From the material below, retype exactly the lines that begin at the line with "Wir lassen den" and end after the line with "This Saffiano Leather"; pictures stay out of the copy.
#### INFORMATION SHOWN ####
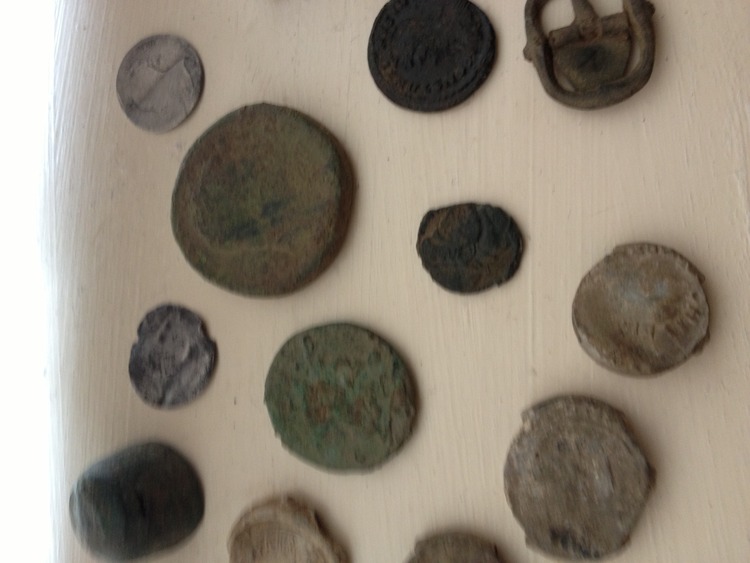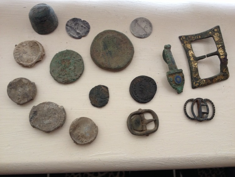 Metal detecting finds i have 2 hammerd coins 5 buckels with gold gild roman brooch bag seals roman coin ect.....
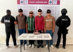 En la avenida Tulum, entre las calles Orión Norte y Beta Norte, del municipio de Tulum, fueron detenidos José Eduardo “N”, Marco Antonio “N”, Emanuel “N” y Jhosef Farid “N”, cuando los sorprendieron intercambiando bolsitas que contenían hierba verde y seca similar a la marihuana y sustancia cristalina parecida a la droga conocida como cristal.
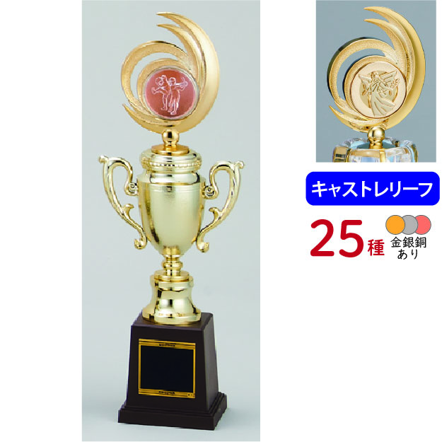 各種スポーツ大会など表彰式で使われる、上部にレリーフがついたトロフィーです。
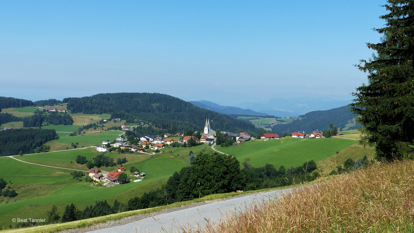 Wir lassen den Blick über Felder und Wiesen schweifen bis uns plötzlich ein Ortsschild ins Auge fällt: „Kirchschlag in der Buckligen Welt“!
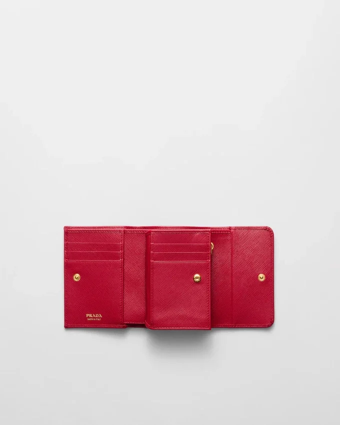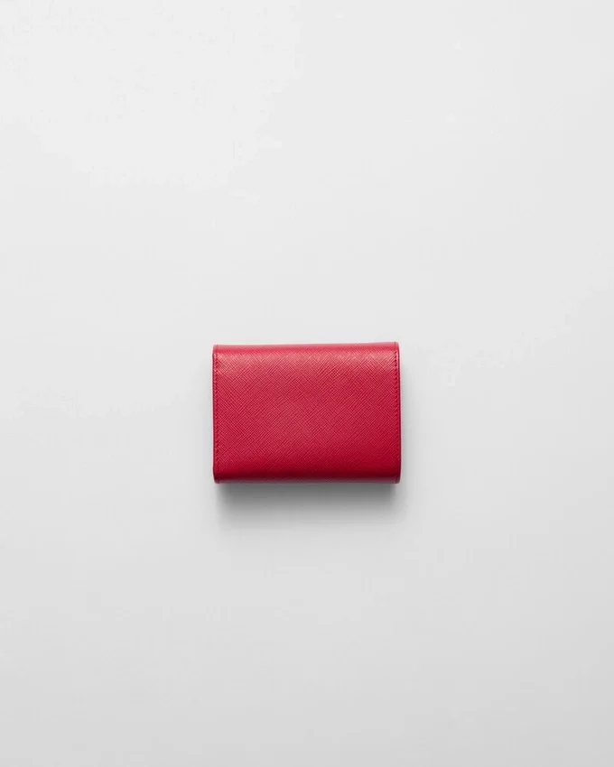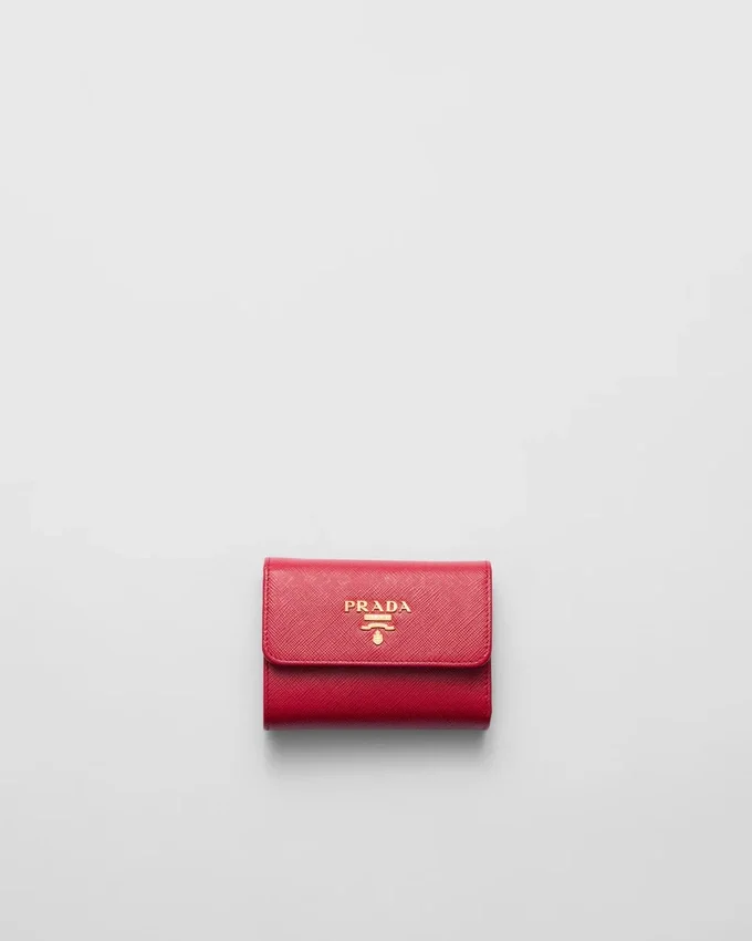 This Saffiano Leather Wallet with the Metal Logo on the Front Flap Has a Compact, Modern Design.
####
#### INFORMATION SHOWN ####
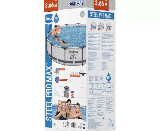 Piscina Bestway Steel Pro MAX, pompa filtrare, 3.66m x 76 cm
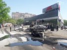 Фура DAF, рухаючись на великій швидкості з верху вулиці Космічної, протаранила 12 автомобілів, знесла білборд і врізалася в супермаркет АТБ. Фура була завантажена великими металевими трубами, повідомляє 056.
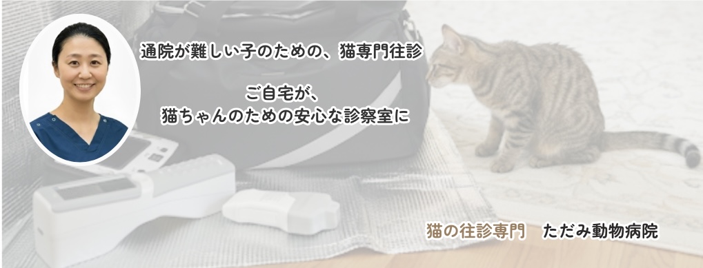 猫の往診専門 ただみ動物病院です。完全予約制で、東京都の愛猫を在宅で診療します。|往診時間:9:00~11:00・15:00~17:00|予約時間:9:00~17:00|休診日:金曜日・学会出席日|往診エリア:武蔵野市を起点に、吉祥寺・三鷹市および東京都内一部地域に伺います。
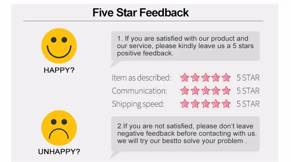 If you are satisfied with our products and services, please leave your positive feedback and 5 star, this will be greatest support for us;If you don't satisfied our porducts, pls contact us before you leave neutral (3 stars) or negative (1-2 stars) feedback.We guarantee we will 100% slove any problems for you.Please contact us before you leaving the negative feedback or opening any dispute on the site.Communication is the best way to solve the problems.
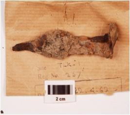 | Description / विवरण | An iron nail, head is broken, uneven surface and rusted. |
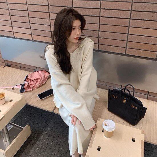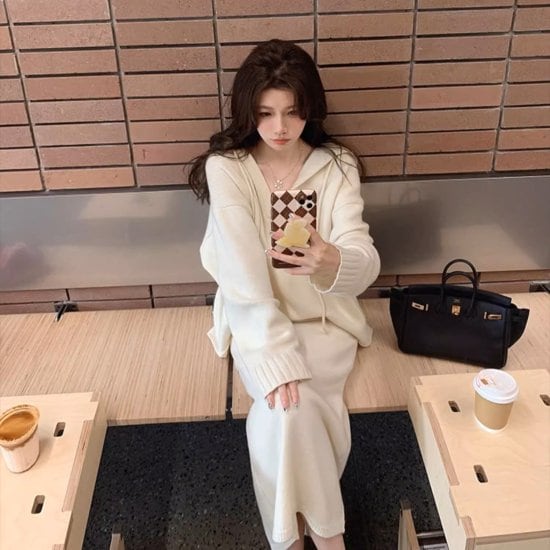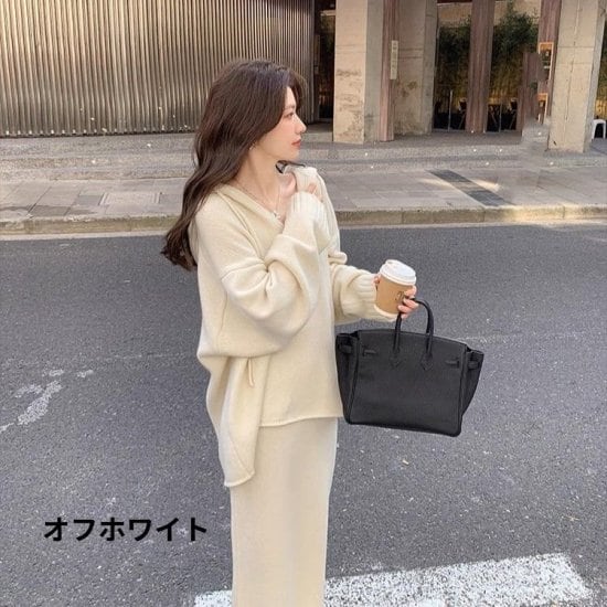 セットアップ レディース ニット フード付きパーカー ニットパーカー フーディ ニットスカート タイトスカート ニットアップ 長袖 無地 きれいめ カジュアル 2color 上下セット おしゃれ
####
▶ [EXPECTED OUTPUT]:
 Wir lassen den Blick über Felder und Wiesen schweifen bis uns plötzlich ein Ortsschild ins Auge fällt: „Kirchschlag in der Buckligen Welt“!
 This Saffiano Leather Wallet with the Metal Logo on the Front Flap Has a Compact, Modern Design.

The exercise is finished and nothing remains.